Una raccolta di piatti che consente al lettore di portare in tavola gli Omega 3, acidi grassi essenziali fondamentali per cuore e cervello, che contribuiscono a ridurre il colesterolo, contrastare stati infiammatori, perdita di memoria e malumore, dolori articolari e persino rughe! Per ogni ricetta, oltre a ingredienti, preparazione e tempi di cottura, avrete a disposizione le indicazioni utili per completare il pasto in modo da potenziare l’azione degli Omega 3 e renderne più facile l’assimilazione . E in più, troverete anche la segnalazione delle preparazioni adatte per celiaci e di quelle vegetariane e vegane.
L’indice del libro
- Introduzione
- Capitolo 1 | Antipasti
- Capitolo 2 | Primi piatti
- Capitolo 3 | Secondi piatti
- Capitolo 4 | Contorni
- Capitolo 5 | Dolci
- Indice delle ricette
Cavatelli al radicchio, capperi e mela
375 kcal a persona, antiossidanti e snellenti.
Preparazione: Fai appassire la cipolla nell’olio posto in una padella antiaderente. Aggiungi il radicchio, la mela (con la buccia se bio) e i capperi. Cuoci per 7 minuti mescolando spesso e regolando di sale e pepe, poi aggiungi i cavatelli lessati e scolati al dente. Servi decorando con le noci tritate.

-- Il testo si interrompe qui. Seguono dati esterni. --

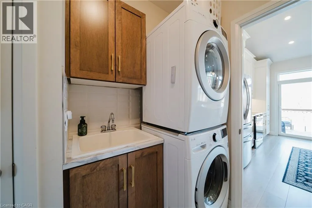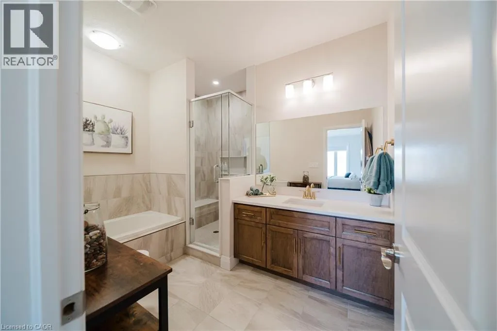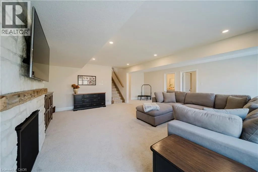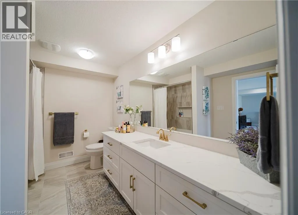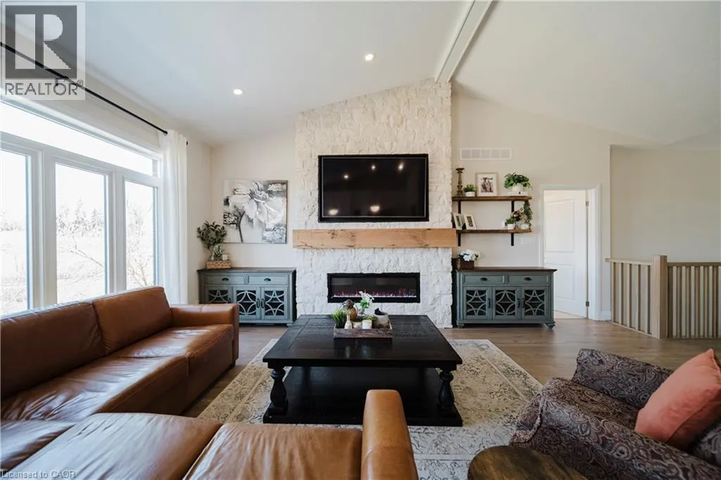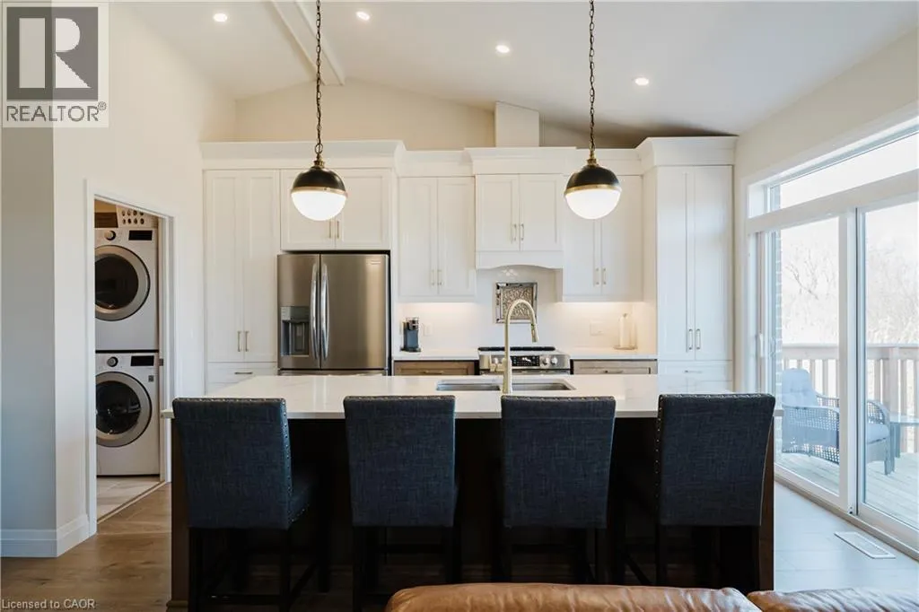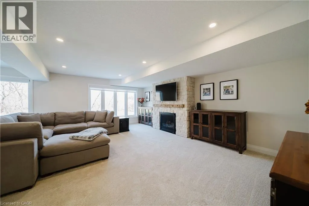 Welcome to Timberlane—an exclusive Baden community—where this exceptional end-unit bungalow townhome stands out with designer-inspired finishes and a premium greenspace setting that offers added privacy. The main level showcases a modern open-concept layout, anchored by a stunning custom stone fireplace that creates a warm and inviting focal point. Oversized windows flood the space with natural light, while the thoughtfully designed

Completa così il tuo piatto: Puoi completare con 180 g di tofu strapazzato e un’insalata verde mista condita con olio e aceto di mele.
Sogliola in salsa di yogurt e zafferano
235 kcal a persona, stimola il metabolismo.
Preparazione: In una ciotola versa lo yogurt, lo zenzero gratuggiato, i semini di anice leggermente pestati, la presa di zafferano e del peperoncino a piacere. Ammalgama molto bene: la crema deve assumere un bel colore dorato. Cuoci il pesce in un tegame antiaderente con l’olio, quindi servilo con la salsa allo yogurt.
Completa così il tuo pasto: Puoi completare con 60 g di pane integrale o 3 gallette di riso o di mais e 200 g di peperoni a listarelle cotti in padella con un filo d’olio e peperoncino.